FYI...Canadian Pacific 694.

http://www.mlive.com/news/index.ssf/2016/08/cpr_694_discovery_lake_superio.html


----------



## alaska railroad (Oct 20, 2015)

Thanks for sharing that. Wow! All those years, and there she sleep's undiscovered, until now. That made my day......


----------



## gunrunnerjohn (Nov 10, 2010)

I moved this, it's actually about a real train.


----------



## Fire21 (Mar 9, 2014)

I'm curious as to what the new chain is for that's seen attached to one of the drive wheels at 3:07 and 6:15 in the video.


----------



## Hot Water (Oct 24, 2015)

Fire21 said:


> I'm curious as to what the new chain is for that's seen attached to one of the drive wheels at 3:07 and 6:15 in the video.


The divers put that there to attach their buoy to, in order to locate the "dive site" in the future. The attached buoy lies just below the surface, and with GPS coordinates, the divers are able to go right back to "their" site.


----------



## Fire21 (Mar 9, 2014)

Thank you. I thought it probably had to do with a locator, but wasn't sure.


----------



## RonthePirate (Sep 9, 2015)

That a good thing about recovering wreckage in freshwater. It doesn't eat at the metal nearly as bad as in salt water.
So most of the wreck is still very recognizable.

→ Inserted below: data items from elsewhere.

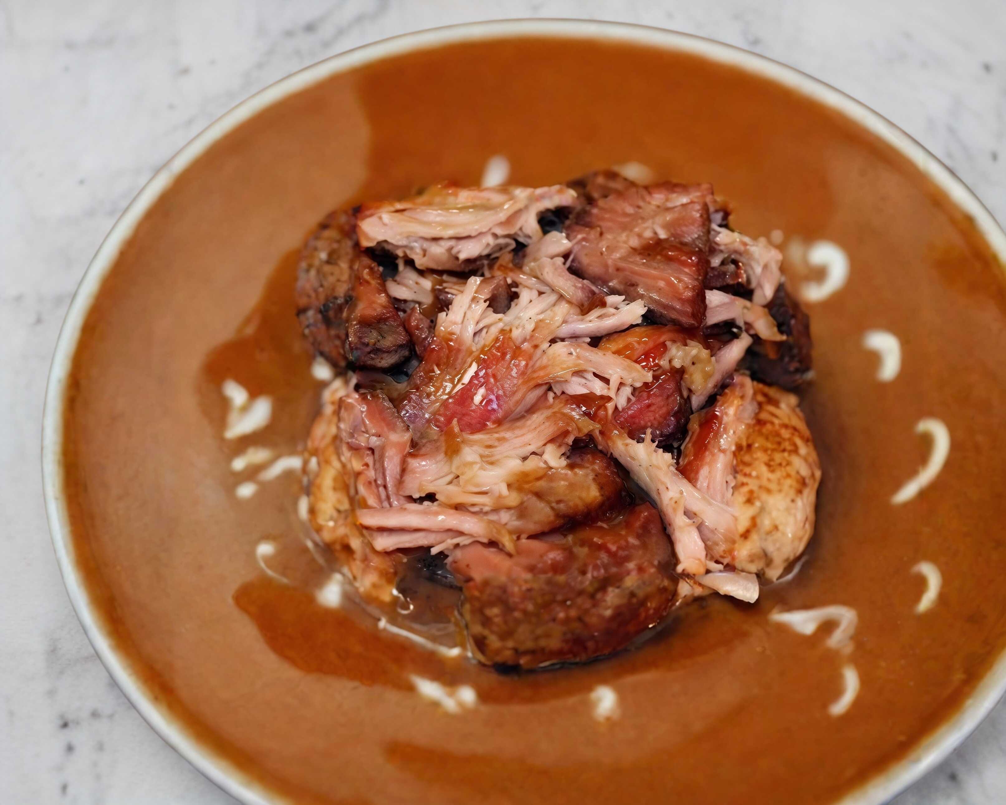 1 kg, 2 salchichas asadas, 2 empalmes, 1/2 L frijoles charros, cebolla asada, salsa roja y tortillas de maíz.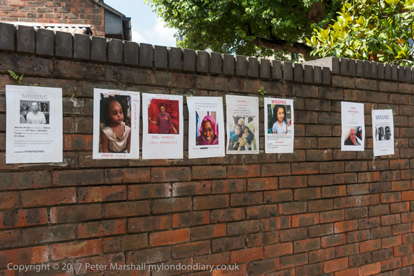 Even in the wealthy streets there are some posters of the missing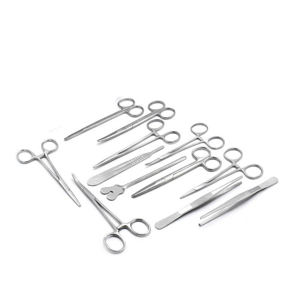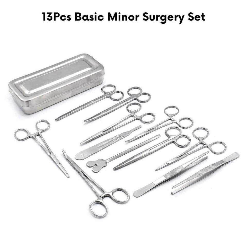 Kit basique de chirurgie mineure de 13 pièces Ensemble d'instruments chirurgicaux en métal Outils en acier inoxydable pour étudiants en médecine Logo personnalisé OEM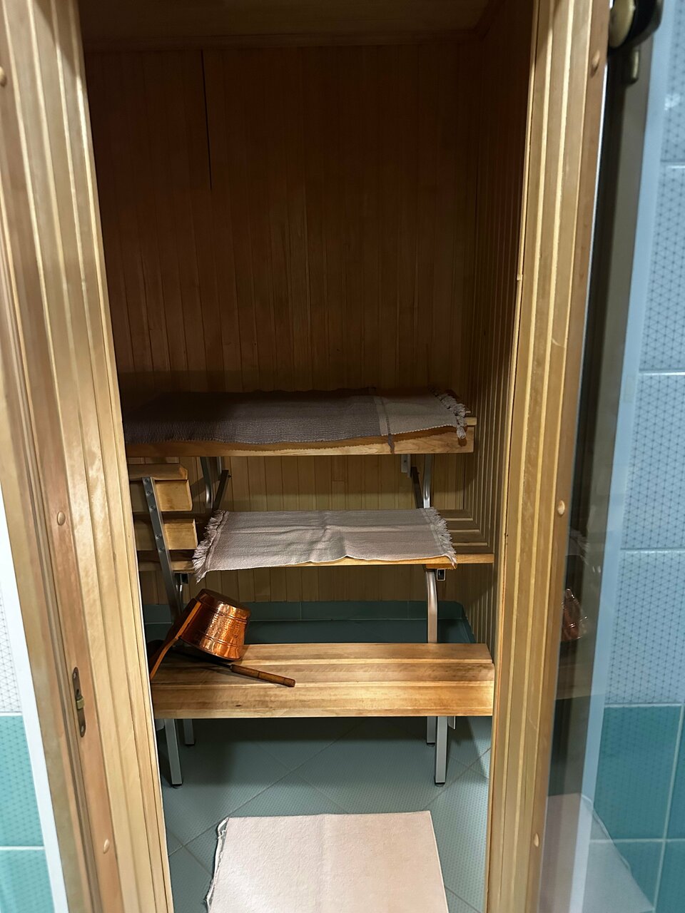 Если вам нужно остановиться на ночь в Ланденпохья, эти апартаменты отличный вариант. Это один номер, расположен рядом с автомастерской, у них один хозяин. Из-за поломки авто мы были вынуждены заночевать там, и хозяин любезно предложил эти апартаменты. Очень чисто, мебель, посуда из Икеи; все, что нужно, есть, даже сахар на кухне и личная сауна, прямо в апартаментах. Из кухни выход на задний двор, где можно воспользоваться мангалом, шампуры имеются. Вайфай, телевизор, холодильник, плита, микроволновка, вся нужная посуда. Очень милый диванчик на кухне. Думали, будет шумно от машин, приезжающих на ремонт, но нет, все было тихо. Фото кусочка сауны:)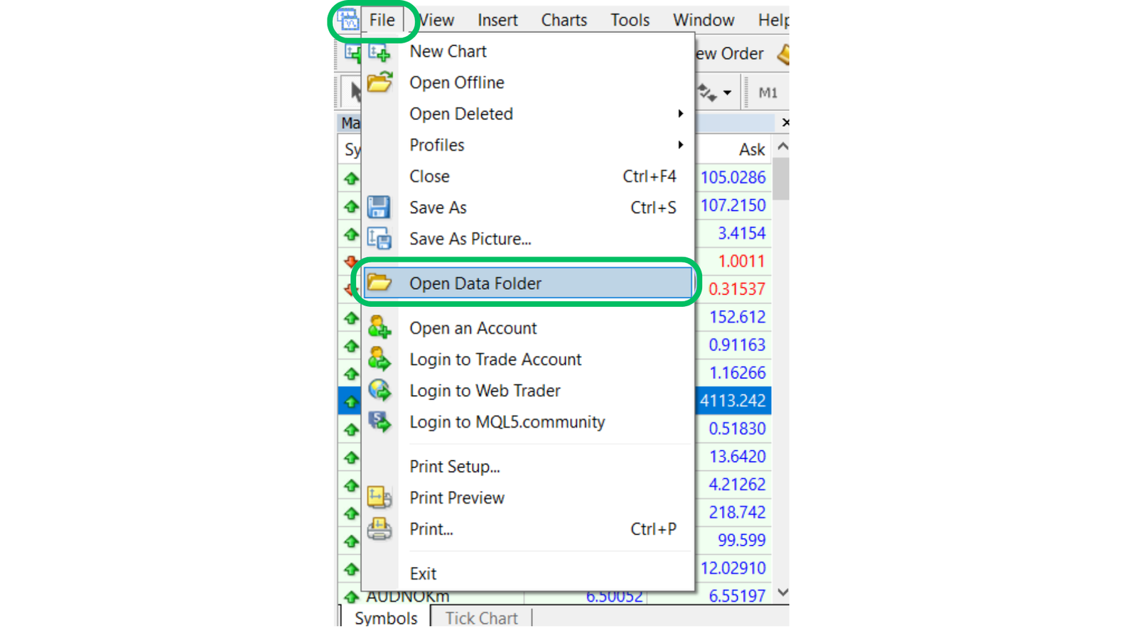 At the top-left corner of your MetaTrader platform, click

Superior really does claim a lion's share of victim's doesn't it?
Case in point: "_The Wreck of the Edmund Fitzgerald_".


----------



## alaska railroad (Oct 20, 2015)

RonthePirate said:


> That a good thing about recovering wreckage in freshwater. It doesn't eat at the metal nearly as bad as in salt water.
> So most of the wreck is still very recognizable.
> 
> Superior really does claim a lion's share of victim's doesn't it?
> Case in point: "_The Wreck of the Edmund Fitzgerald_".

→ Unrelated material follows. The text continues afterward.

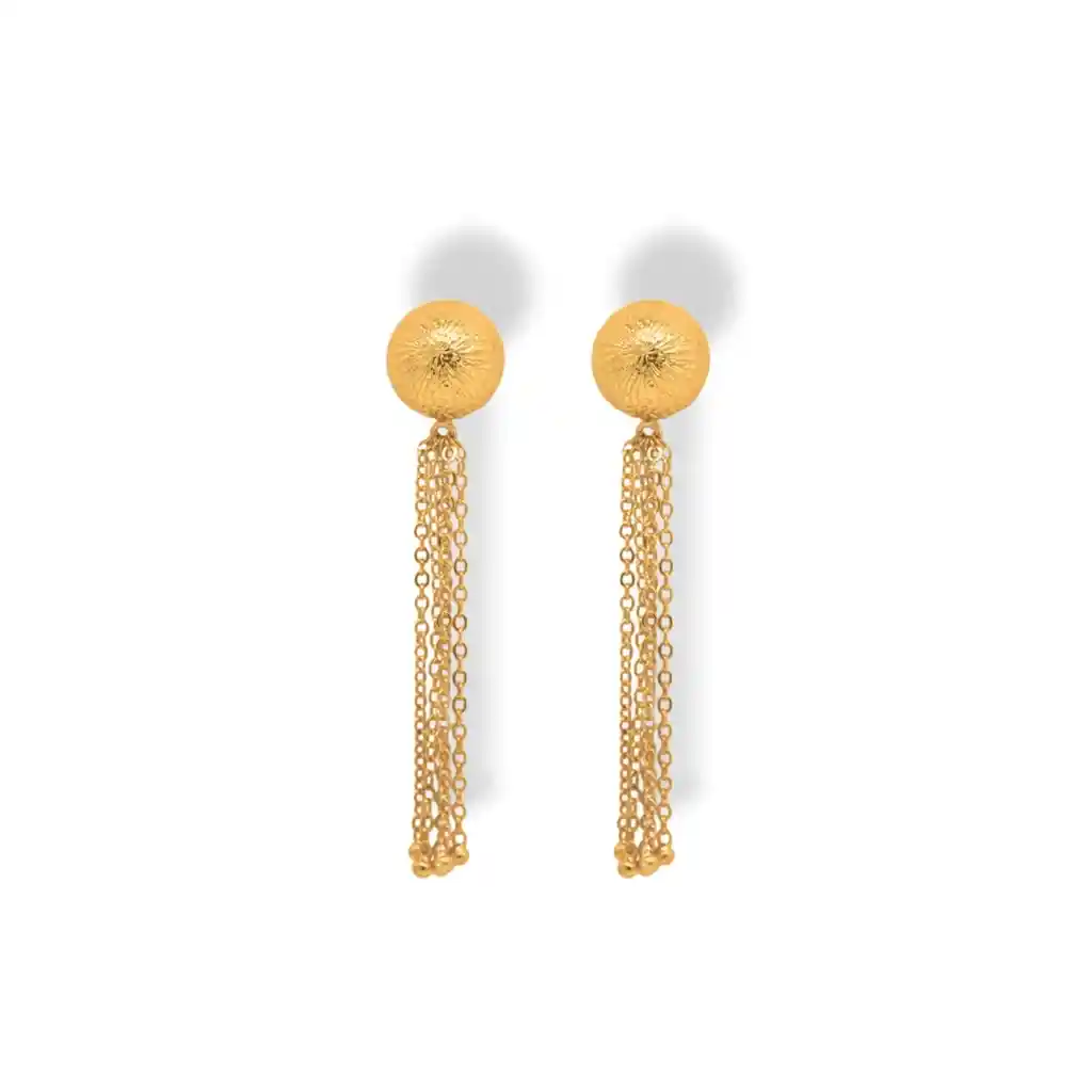 Los aretes largos con cinco cadenas elaborados en bronce reciclado y con baño en oro de 24k o plata son un accesorio elegante y moderno, perfecto para quienes buscan añadir movimiento y sofisticación a su estilo. Este diseño combina sostenibilidad con lujo, haciendo que cada pieza sea única y responsable con el medio ambiente. Material: Bronce reciclado con baño de oro 💎 de 24 kilates o plata🤩 Medida📏: La bola mide 1,5 cm de diámetro. El arete mide 8,0 cm de largo aproximadamente. *Recuerda que este es un producto artesanal, por esto es posible que pueda presentar variaciones a las medidas anteriormente mencionadas, hasta un rango del 15% aproximadamente. Peso🏋🏻♀️: 6,5 gr *Recuerda que este es un producto artesanal, por esto es posible que pueda presentar variaciones al peso anteriormente mencionado hasta un rango del 15% aproximadamente. Cuidados 🫶🏻: Para mantener tu joya como nueva 🤪 debes tener especial cuidado para no aplicarte perfume, cremas o demás productos sobre la piel con ella puesta, pues su color puede verse deteriorado. También es importante que la guardes en un lugar seco y amplio donde no haya posibilidades de dañar su forma ✨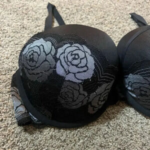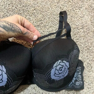 Cacique Bra 40DD Black Lightly Padded Pushup Plunge Underwire Blue Lace Rose

It sure does. Every November I play that song alot in those mens honer. I do love that song.....


----------



## Chip (Feb 11, 2016)

"Gitchigumi" is chocka block FULL of wrecks going back to "Biblical" times. They found a ship off the coast of Turkey that contains ingots of U.P. copper. No surprise there but the REAL kicker is the wreck is THOUSANDS of years old. A Geologist has determined that 3 BILLION TONS of copper are "missing" from the U.P.! The copper that fueled the "Bronze Age" came from Michigan! AND I BETCHA There are Viking Long Boats on the bottom of ALL the Great Lakes!


----------



## time warp (Apr 28, 2016)

A lot of mysteries lie beneath the water. I enjoyed the video.


----------



## Rip Track (Dec 15, 2012)

Reminds me of the WWII Wildcat fighter found in Lake Michigan, maybe 10-15 years ago. Although not under water as lomg as this locomotive, it was still in amazing shape. Much of the paint was still recognizable. A tire was still holding air. A number of light bulbs off the instrument panel were tested, and still lit up. This plane was restored and flown again.


----------



## ErnestHouse (Sep 6, 2015)

Wow. That music was mind numbing. MUTE!


----------



## MikeB (Feb 11, 2016)

Enjoyed the video/story very much. The article about the Nash cars being entombed in Lake Miichigan was very interesting also.


----------